Employes themselves therefore must bear such costs during their own non-working time when they have been subpoenaed by a union. Any rule to the contrary would in effect mean that employes can engage in additional money-making activities outside their regular working hours merely because their union has accorded them that opportunity. MERA has never provided for that and it should not now.

The complaint is therefore dismissed. (1)

Dated at Madison, Wisconsin, this 18th day of September, 1996.

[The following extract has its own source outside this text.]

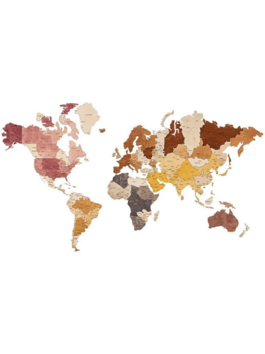 Карта мира из дерева нашего производства, изготовлена из березовой фанеры 4 мм. Надежно упакована и имеет максимальную детализацию. Континенты стран разрезаны на сегменты, получается что то вроде пазла. Карта надежно крепится к стене на двухсторонний скотч или термоклей, они не идут в комплекте. Так же, вы можете заказать в нашем магазине подложку для карты с дистанционным креплением к стене. Подложка упростит монтаж карты и придаст визуальный обьем. Интерьерная карта мира из дерева послужит прекрасным подарком для друзей, родственников и коллег по работе. Замечательным пособием для изучения стран и городов мира.

WISCONSIN EMPLOYMENT RELATIONS COMMISSION

By Amedeo Greco /s/

Amedeo Greco, Examiner


1. Any party may file a petition for review with the Commission by following the procedures set forth in Sec. 111.07(5), Stats.

Section 111.07(5), Stats.

(5) The commission may authorize a commissioner or examiner to make findings and orders. Any party in interest who is dissatisfied with the findings or order of a commissioner or examiner may file a written petition with the commission as a body to review the findings or order. If no petition is filed within 20 days from the date that a copy of the findings or order of the commissioner or examiner was mailed to the last known address of the parties in interest, such findings or order shall be considered the findings or order of the commission as a body unless set aside, reversed or modified by such commissioner or examiner within such time. If the findings or order are set aside by the commissioner or examiner the status shall be the same as prior to the findings or order set aside. If the findings or order are reversed or modified by the commissioner or examiner the time for filing petition with the commission shall run from the time that notice of such reversal or modification is mailed to the last known address of the parties in interest. Within 45 days after the filing of such petition with the commission, the commission shall either affirm, reverse, set aside or modify such findings or order, in whole or in part, or direct the taking of additional testimony. Such action shall be based on a review of the evidence submitted. If the commission is satisfied that a party in interest has been prejudiced because of exceptional delay in the receipt of a copy of any findings or order it may extend the time another 20 days for filing a petition with the commission.

This decision was placed in the mail on the date of issuance (i.e. the date appearing immediately above the Examiner's signature).

2. The County's request for attorney's fees and a cease and desist order aimed at the Union for filing the instant complaint is hereby denied, as the Commission normally does not grant such a remedy to a prevailing party.